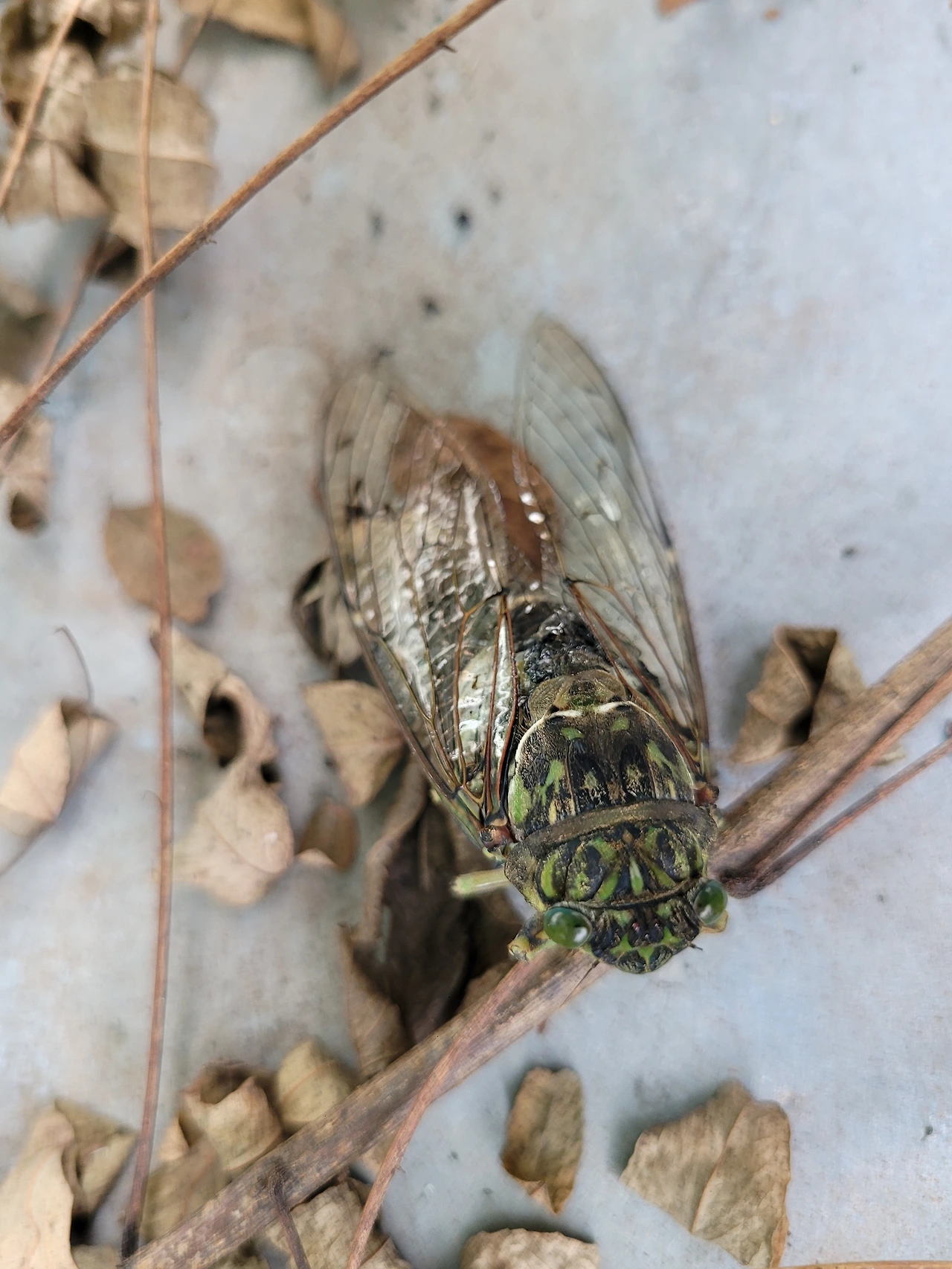 매미가 내 옆으로 떨어졌다.
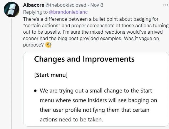微软方面也对此做出了回应。负责 Insider 项目的高级项目经理 Brandon LeBlanc 表示,微软之前在本轮 Insider 版本更新文档里面已经预告过,将会在开始菜单的部分位置增加一些“新设定了”。
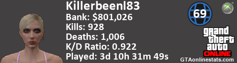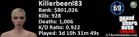 [URL=http://GTAonlinestats.com/showplayer/Killerbeenl83/2][IMG]http://GTAonlinestats.com/signature/Killerbeenl83/2/sig.png[/IMG][/URL]

» WORK ORDER:
Only the words belong in your copy: restate the data above exactly and leave the images out.

» SOLVED PROBLEM:
 매미가 내 옆으로 떨어졌다.
微软方面也对此做出了回应。负责 Insider 项目的高级项目经理 Brandon LeBlanc 表示,微软之前在本轮 Insider 版本更新文档里面已经预告过,将会在开始菜单的部分位置增加一些“新设定了”。
 [URL=http://GTAonlinestats.com/showplayer/Killerbeenl83/2][IMG]http://GTAonlinestats.com/signature/Killerbeenl83/2/sig.png[/IMG][/URL]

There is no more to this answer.